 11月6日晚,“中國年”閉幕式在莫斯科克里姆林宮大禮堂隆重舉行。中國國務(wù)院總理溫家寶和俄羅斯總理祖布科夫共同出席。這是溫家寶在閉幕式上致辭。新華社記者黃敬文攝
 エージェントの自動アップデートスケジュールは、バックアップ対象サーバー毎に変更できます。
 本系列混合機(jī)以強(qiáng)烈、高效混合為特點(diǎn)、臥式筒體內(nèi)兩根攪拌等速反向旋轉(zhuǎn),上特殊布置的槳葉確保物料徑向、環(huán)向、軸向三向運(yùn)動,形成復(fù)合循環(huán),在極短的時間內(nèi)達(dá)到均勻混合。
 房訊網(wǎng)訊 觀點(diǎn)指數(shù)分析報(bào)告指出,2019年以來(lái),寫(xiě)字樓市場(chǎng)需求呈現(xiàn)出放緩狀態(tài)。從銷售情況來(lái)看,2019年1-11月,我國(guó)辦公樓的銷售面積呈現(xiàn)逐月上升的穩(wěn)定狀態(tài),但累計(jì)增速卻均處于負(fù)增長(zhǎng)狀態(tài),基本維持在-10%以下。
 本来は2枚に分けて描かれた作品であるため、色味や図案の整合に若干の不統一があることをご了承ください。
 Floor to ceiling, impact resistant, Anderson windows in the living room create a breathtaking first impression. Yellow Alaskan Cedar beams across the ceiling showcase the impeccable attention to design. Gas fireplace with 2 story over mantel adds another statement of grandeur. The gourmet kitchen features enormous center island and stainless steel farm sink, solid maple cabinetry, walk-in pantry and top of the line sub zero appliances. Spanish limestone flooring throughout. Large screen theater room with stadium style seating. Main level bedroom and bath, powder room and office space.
...
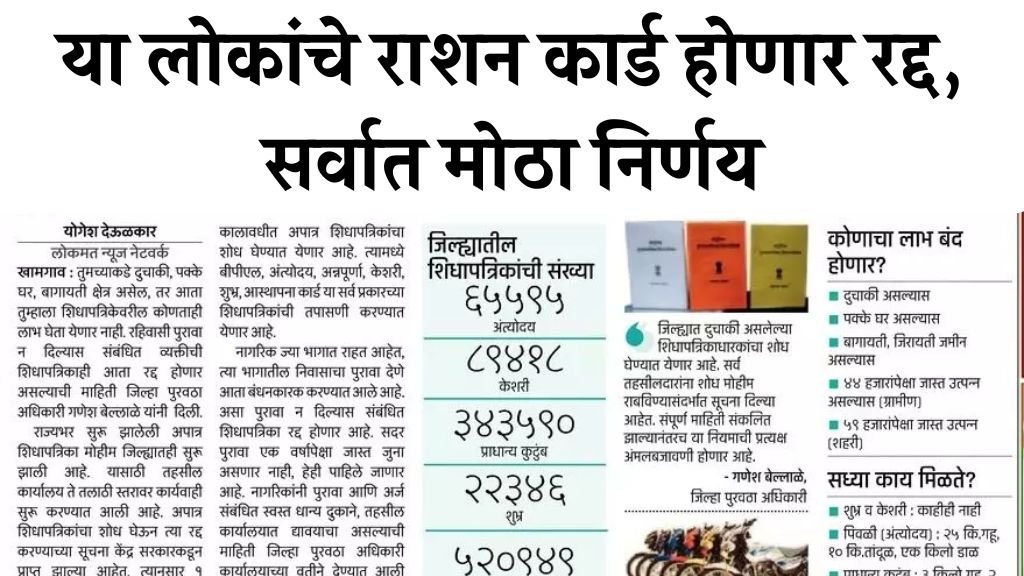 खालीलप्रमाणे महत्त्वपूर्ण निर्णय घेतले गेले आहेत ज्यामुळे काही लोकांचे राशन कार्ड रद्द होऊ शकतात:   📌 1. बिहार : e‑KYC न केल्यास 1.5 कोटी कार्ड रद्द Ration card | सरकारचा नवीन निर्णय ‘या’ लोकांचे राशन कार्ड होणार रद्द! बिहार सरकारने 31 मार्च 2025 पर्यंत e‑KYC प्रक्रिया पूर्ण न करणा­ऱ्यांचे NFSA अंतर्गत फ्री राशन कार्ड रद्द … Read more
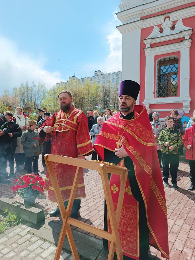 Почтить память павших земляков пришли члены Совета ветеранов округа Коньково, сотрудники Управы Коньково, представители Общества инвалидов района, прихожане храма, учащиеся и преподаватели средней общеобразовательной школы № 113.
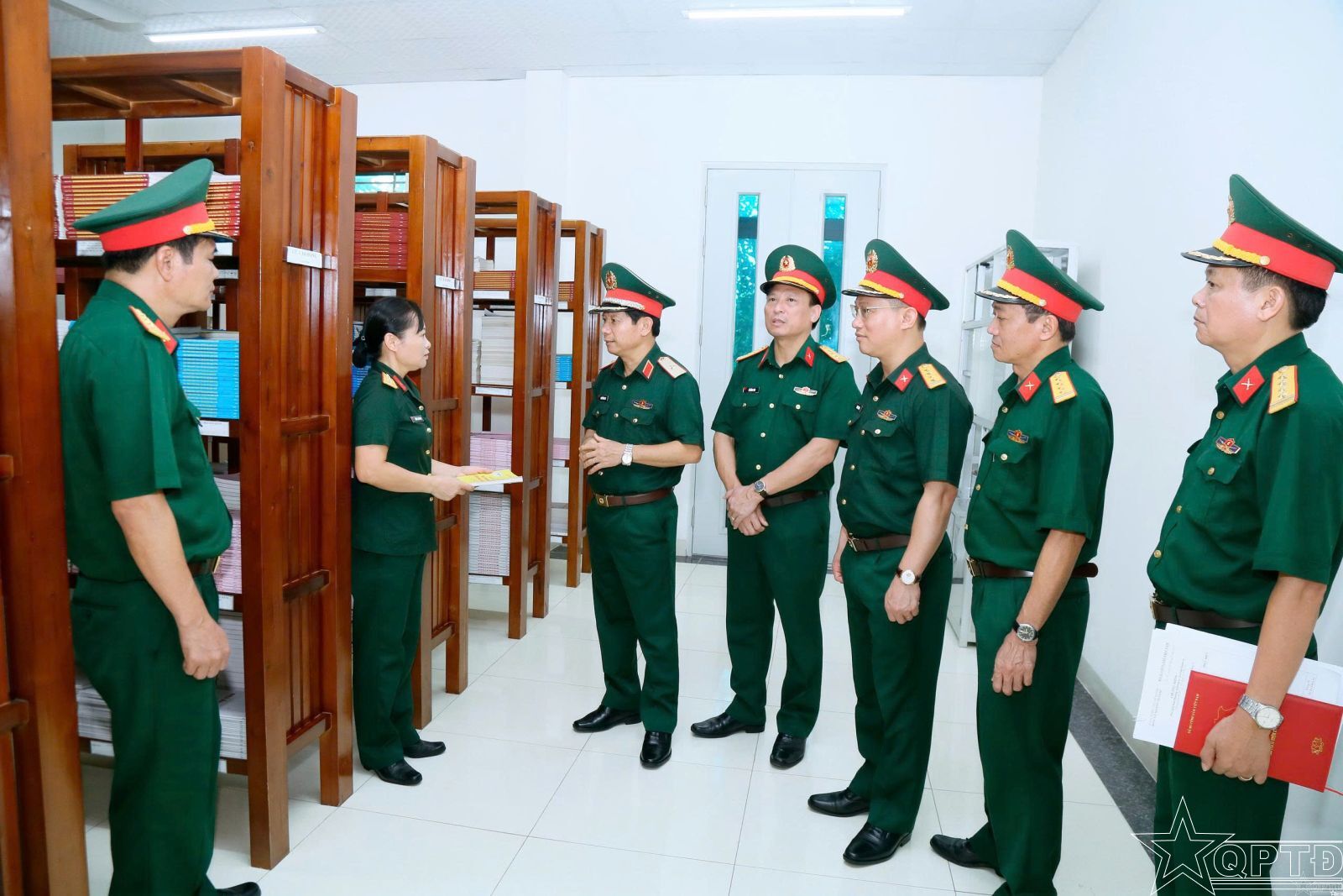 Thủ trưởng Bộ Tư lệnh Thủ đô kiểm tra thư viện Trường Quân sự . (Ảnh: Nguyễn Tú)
...
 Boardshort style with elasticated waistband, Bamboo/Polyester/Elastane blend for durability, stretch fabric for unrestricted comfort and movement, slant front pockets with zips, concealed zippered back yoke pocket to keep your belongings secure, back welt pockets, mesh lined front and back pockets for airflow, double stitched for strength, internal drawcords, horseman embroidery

■ Problem to work on ■
Tell me how many lines of the data hold the word "diǎn", giving only the number.

■ Solved exercise ■
2